Timothy: So “New Adult” is about Nolan Baker. He is a struggling stand up comedian living in New York City. He shares a very tiny apartment with his best friend, Drew. They moved together from their hometown in New Jersey to New York City together.

And Nolan, over the last few years, has been desperately in love with Drew. But he has promised himself that he is going to become a successful stand up comedian before he lets love into the picture because he has this life plan that by 30 he’s going to be a successful comedian, he’s going to have the right man, and he’s going to have a corgi.

Then his sister goes and gets engaged and there’s going to be this big blowout wedding. And things aren’t really going well in the comedy space. So he thinks, “Okay, well, if I can go to the wedding and I can avoid one of the three dastardly questions he’s been trying to avoid forever, which is, why don’t you have a real job? Isn’t New York City dangerous? And why don’t you have a boyfriend?” He’s like, “I’m going to consider a switch in job and I’m going to ask Drew to be my wedding date.”
Then on the night of the wedding, he gets the phone call of a lifetime that says, “Hey, if you come down to this club right now, you’re going to get an opening slot for this big comedian. And this could be your big break.” And Nolan has a choice to make, which is either stay at the wedding with Drew, with his family, with everyone, or chase the dream. And he decides to chase the dream. And while his set brings the house down, he gets back to the wedding and finds out that he has irreparably damaged a lot of his relationships.

So he gets handed a goodie bag on his way out. They’re like, get out of here. And he goes upstairs.

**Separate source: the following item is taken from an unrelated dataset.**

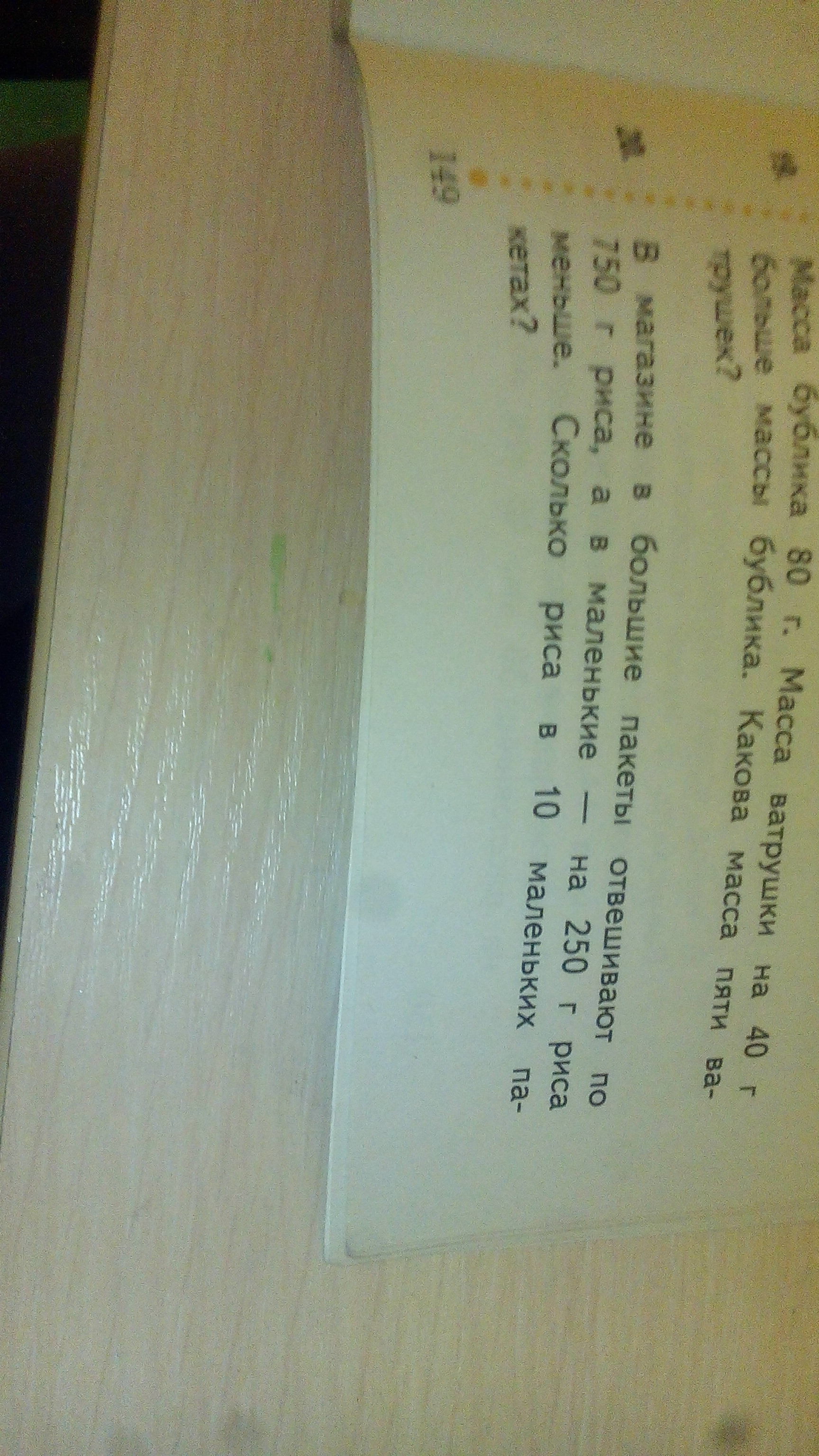 1)750-250=500 гр-риса в одном малеьком пакете
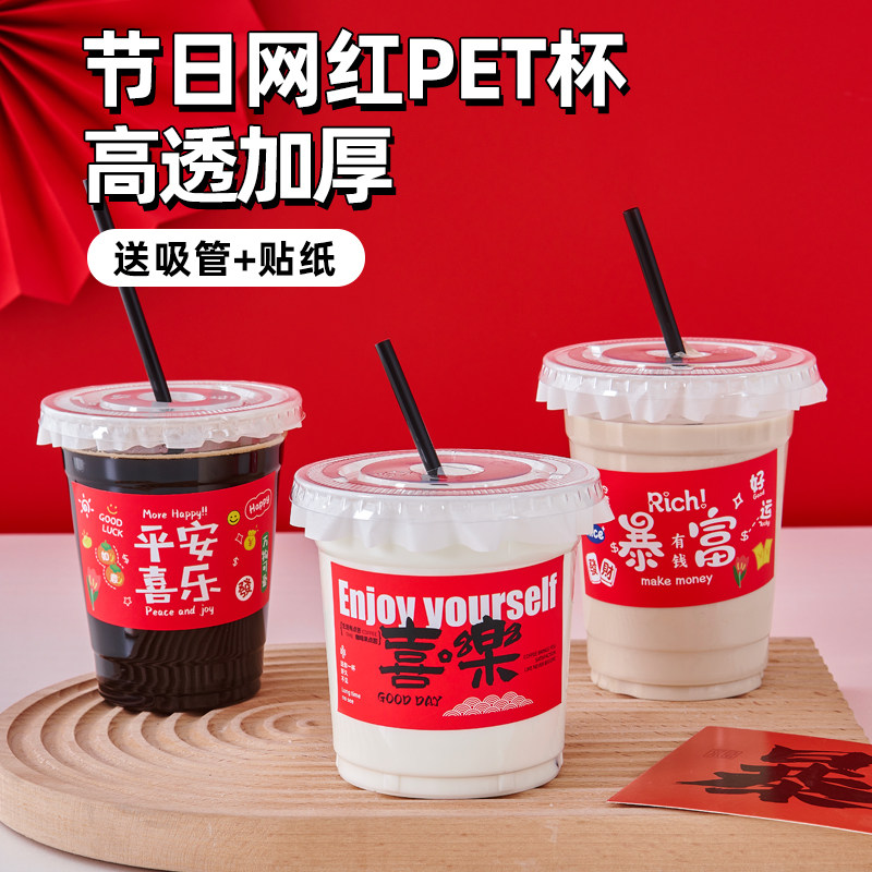 红色喜庆带盖PET杯一次性加厚高透咖啡奶茶饮料塑杯新年春节贴纸

And when he’s going through this stuff, he finds a set of magical healing crystals. And he thinks, “Oh, this is nonsense.” But as the night wears on, and he can’t fall asleep, and he’s racking his brain, he thinks, all right, I’m just going to try them. And so he wishes to wake up, after all the bad stuff has happened, he wants to be successful, he wants to be universally loved.
So he wakes up, seven years in the future, with everything he’s ever wanted, except his family won’t take his calls, and Drew hates his guts. So now he has to figure out what happened, how to fix it, and how to win back the trust of those that were most important to him. So the journey kind of doesn’t start there. But that magical twist is what leads to the introspection and the true romance of the story.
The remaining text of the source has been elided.